**WHAT IS NEEDED**
Exact duplicates of the lines from the top of the data through the line containing "②#火曜日は肉がさね玉子あん" are needed, with every picture left out.

**MATERIAL FOR THE TASK**
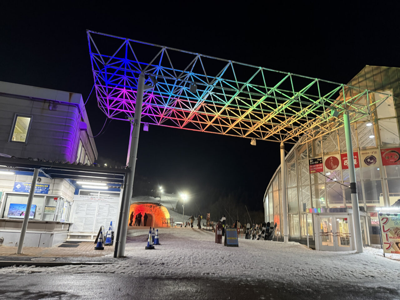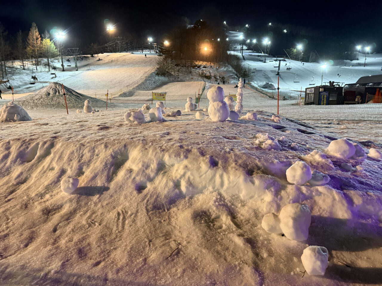 ナイターのゲレンデを背景に見るかまくらは、この時期ならではですね。
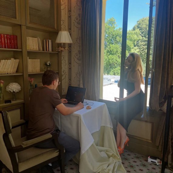Также певица опубликовала фотографию, на которой в платье позирует на подоконнике и наблюдает за сыном, сидящим за ноутбуком.
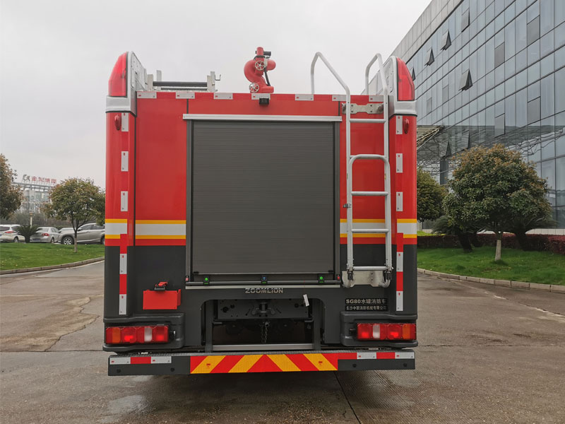 | 其他 | 水罐容积:8.0立方米,水罐尺寸:3230×2460×1040mm。整体式侧防护结构,后防护装置材料:Q345B,截面尺寸(高×宽):140×58mm,与车辆连接方式:螺栓连接,后防护离地高度:495mm。ABS生产企业为威伯科汽车控制系统(中国)有限公司,型号为4460046300。主要专用装置有消防泵、消防炮。 | ||
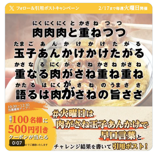 ②#火曜日は肉がさね玉子あんかけで早口言葉 をつけて、早口言葉にチャレンジした結果を書いて、「引用」ポストします。
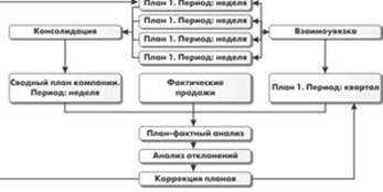 Предусмотрено планирование продаж как по всему предприятию в целом, так и по подразделениям или группам подразделений. Это дает возможность руководителям и менеджерам подразделений составлять планы продаж по своим направлениям. Планы подразделений консолидируются в сводный план продаж по компании, представленный на рисунке 2.
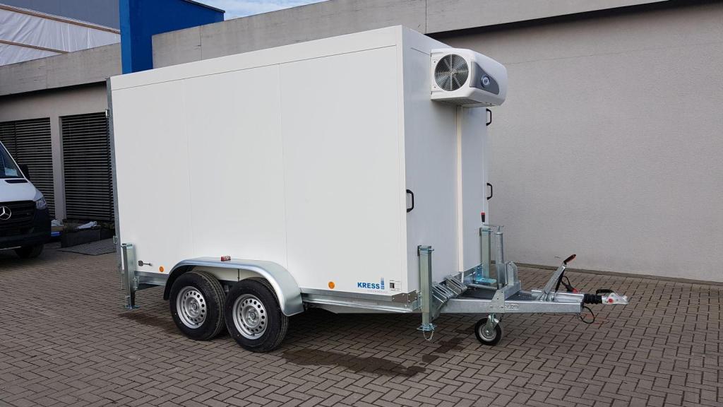 Der Kofferaufbau kann zwischen 2 und 10 °C temperiert werden und bietet ein Volumen von maximal 9,3 m³. Die Wände des Kühlanhänger sind in Sandwichbauweise hergestellt und bietet hohe Isolierwirkung für geringen Energieverbrauch.
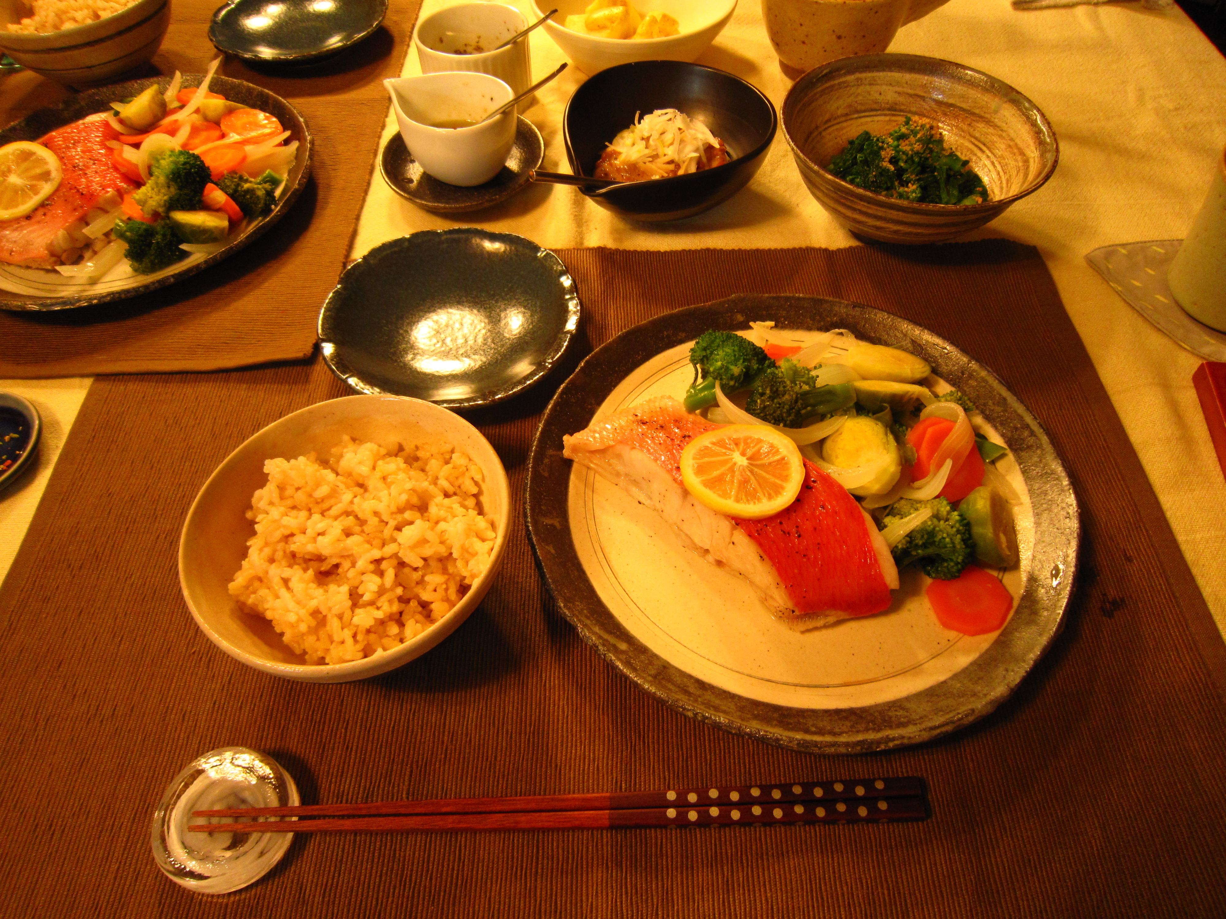オリーブオイルにしょうゆを合わせたのをちょっとかけて。玄米ご飯と休肝日。
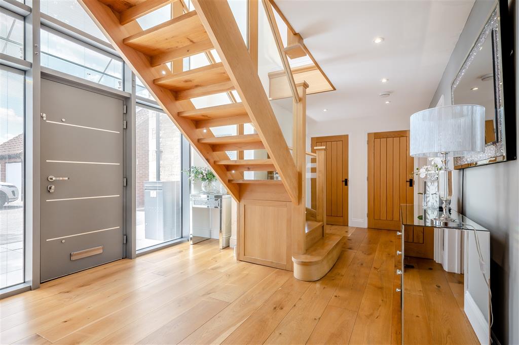 Upon entering, you're welcomed by a striking entrance hall, complete with a double-height picture window that floods the space with natural light. Off the hallway, there is a cloakroom, a well-appointed home office, and an additional study/dinning room.
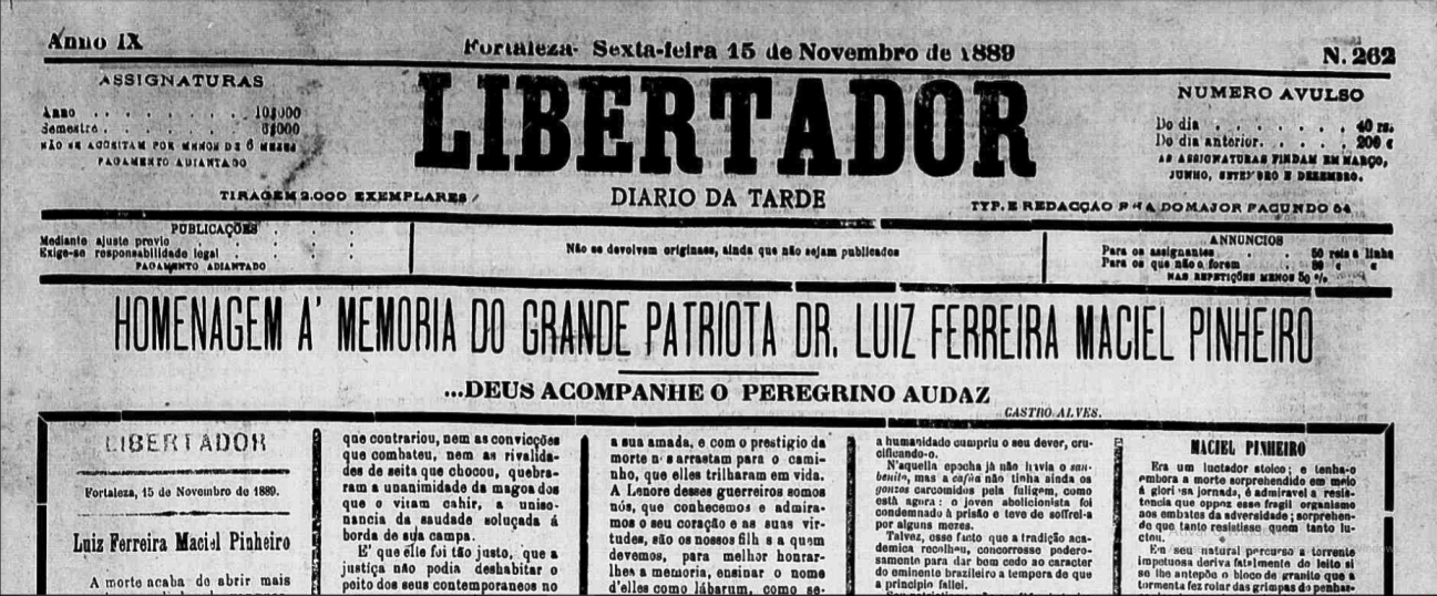 “em toda a imprensa brasileira não há um homem igual. Há outros que escrevem com mais imaginação e, portanto, com mais brilho […] Não há nenhum, porém, cuja pena corte, como uma espada afiada, como a dele […] Em Maciel Pinheiro o jornalista é o homem. Pobre, combatido por uma enfermidade cardíaca, pai de família que, a presente, de um dia para o outro ficou ao desamparo, ele quer morrer na imprensa como José Bonifácio morreu na tribuna. […] Estudante ainda, Maciel partiu para a guerra do Paraguai como voluntário da pátria, o Castro Alves, que conhecia pela atração que sentia por ele[…] deixou o nome do seu companheiro soldado gravado nas suas belas estrofes”

**EXPECTED ANSWER**
 ナイターのゲレンデを背景に見るかまくらは、この時期ならではですね。
Также певица опубликовала фотографию, на которой в платье позирует на подоконнике и наблюдает за сыном, сидящим за ноутбуком.
 | 其他 | 水罐容积:8.0立方米,水罐尺寸:3230×2460×1040mm。整体式侧防护结构,后防护装置材料:Q345B,截面尺寸(高×宽):140×58mm,与车辆连接方式:螺栓连接,后防护离地高度:495mm。ABS生产企业为威伯科汽车控制系统(中国)有限公司,型号为4460046300。主要专用装置有消防泵、消防炮。 | ||
 ②#火曜日は肉がさね玉子あんかけで早口言葉 をつけて、早口言葉にチャレンジした結果を書いて、「引用」ポストします。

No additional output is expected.